::: RECORDS SUPPLIED
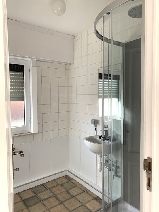 Bestaande uit: inkom, toilet, woonkamer (eet- en zithoek), keuken, badkamer met lavabo en douche, 2 slaapkamers en een garage.
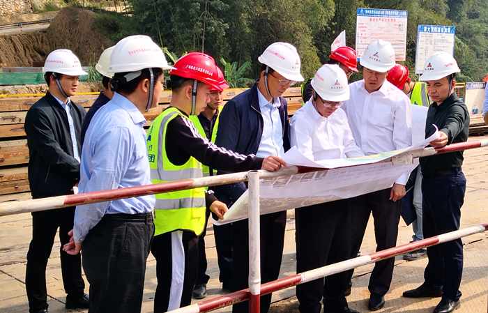 賀州至巴馬高速公路(都安至巴馬段)紅水河特大橋調(diào)研,新恒通公司黨委書記、董事長(zhǎng)賴水平,黨委副書記、副董事長(zhǎng)、總經(jīng)理、總工程師藍(lán)日彥,北投集團(tuán)工會(huì)副主席呂兢陪同調(diào)研。
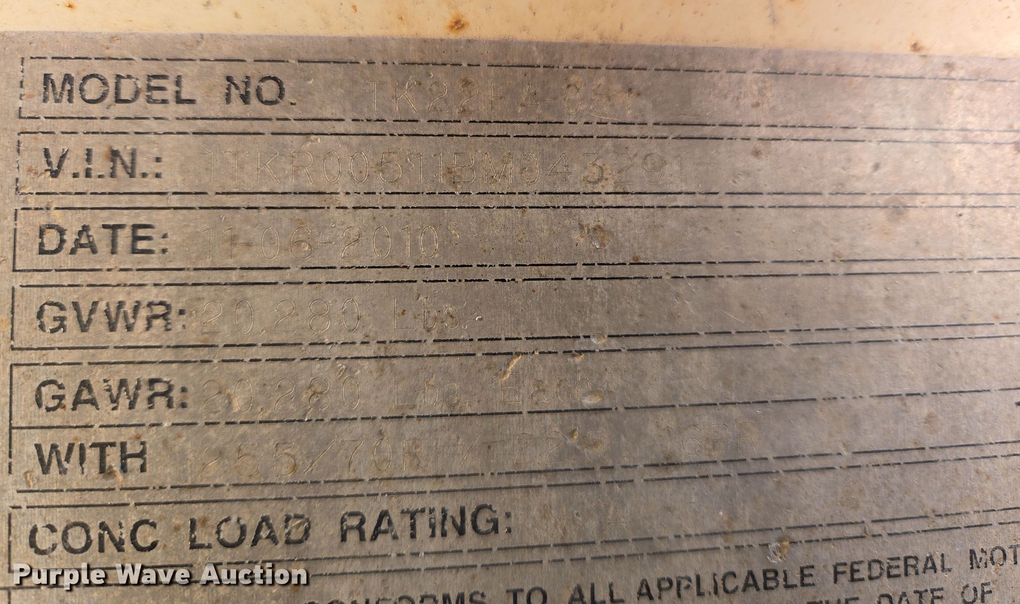 - VIN: 1TKR00511BM043291
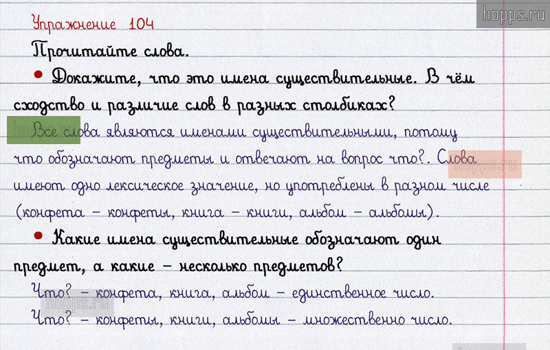 Подробные ответы к 104 упражнению 2 части учебника по русскому языку авторов В.П. Канакина, В.Г. Горецкий для учащихся 2 класса. Имя существительное.
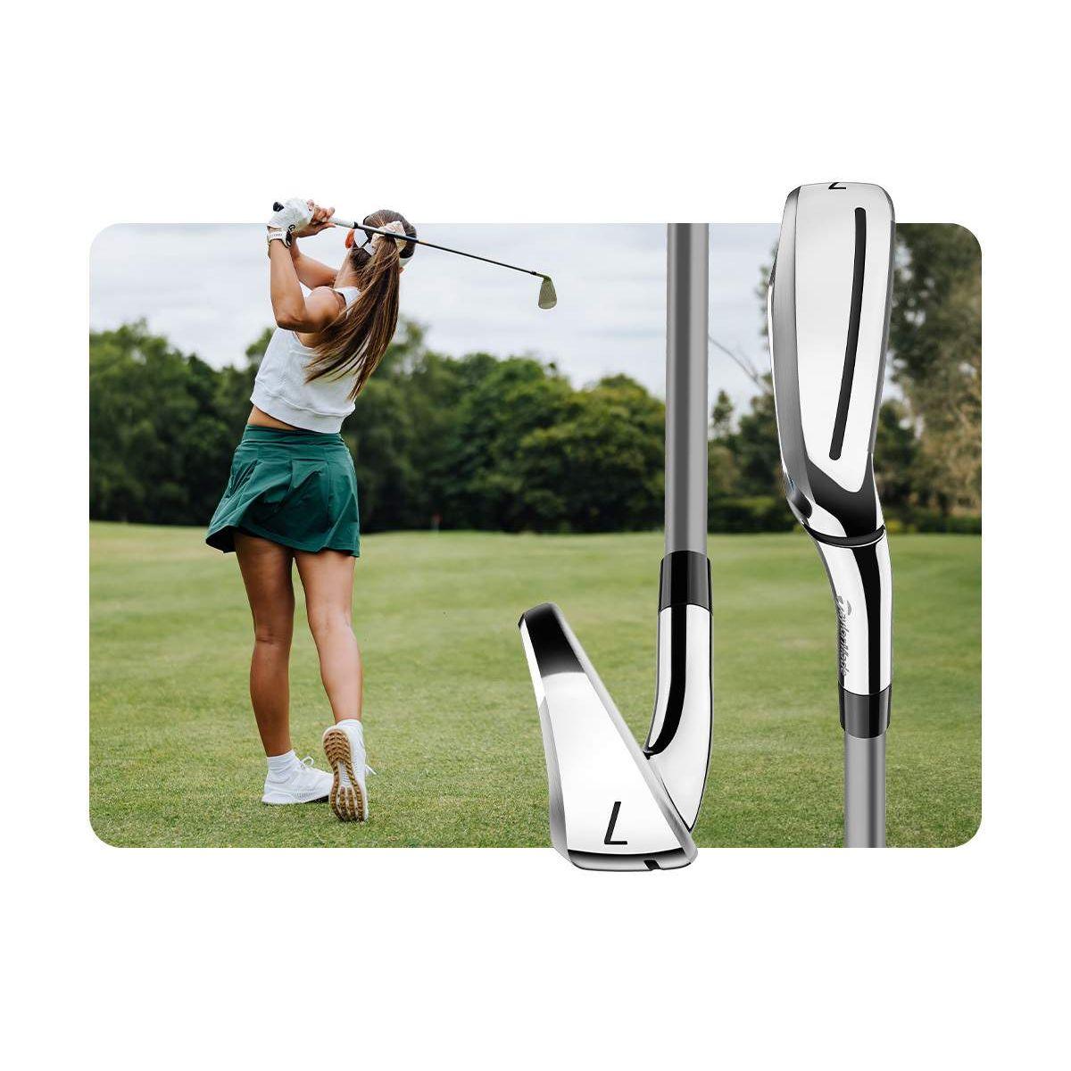 Kalea Gold irons utilize Cap Back™ Design, Thru-Slot Speed Pocket™, and Inverted Cone Technology to help players of all abilities get the ball in the air, carry it farther, and control their shots.
::::::
* _REQUIREMENT_: An exact copy of the lines from the line containing "Подробные ответы к" through the final line of the listing, without pictures, is the expected result.

* _PROBLEM SOLUTION_:
 Подробные ответы к 104 упражнению 2 части учебника по русскому языку авторов В.П. Канакина, В.Г. Горецкий для учащихся 2 класса. Имя существительное.
 Kalea Gold irons utilize Cap Back™ Design, Thru-Slot Speed Pocket™, and Inverted Cone Technology to help players of all abilities get the ball in the air, carry it farther, and control their shots.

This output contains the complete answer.